§ Instructions for the task: With the pictures left out, return exactly the lines from the one containing "A fossil pupa" through the end of the listing below.

──────── Source material

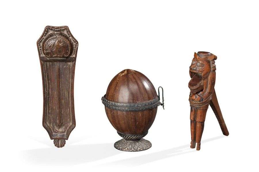 Lot comportant un casse-noisettes en poirier sculpté à décor d'un homme barbu tenant une sphère, une noix de coco à monture en métal à piédouche à feuillages et une monture de râpe à tabac à décor d'un équipage marquée «Lafon». Art populaire du XVIIIème siècle (éclats). H: 19,5 cm
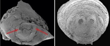 A fossil pupa fragment (left) found in Antarctica has a pair of spiracles, or breathing holes (arrows), which marks its species as similar to modern blowflies (pupa, right).
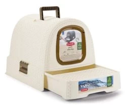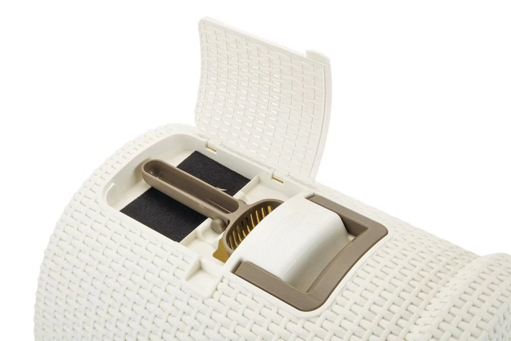 De bak is voorzien van een handig kliksysteem, waardoor de bak niet gaat schuiven en een lade om de kattenkorrels en uitwerpselen makkelijk te kunnen verwijderen. Om geurtjes te vermijden is de bak voorzien van een geurfilter en een voorklep, waardoor jouw kat optimale privacy geniet. En heel praktisch: een bijbehorend schepje vind je boven in het opbergvakje naast het handvat.

────────────────

§ Answer area:
 A fossil pupa fragment (left) found in Antarctica has a pair of spiracles, or breathing holes (arrows), which marks its species as similar to modern blowflies (pupa, right).
 De bak is voorzien van een handig kliksysteem, waardoor de bak niet gaat schuiven en een lade om de kattenkorrels en uitwerpselen makkelijk te kunnen verwijderen. Om geurtjes te vermijden is de bak voorzien van een geurfilter en een voorklep, waardoor jouw kat optimale privacy geniet. En heel praktisch: een bijbehorend schepje vind je boven in het opbergvakje naast het handvat.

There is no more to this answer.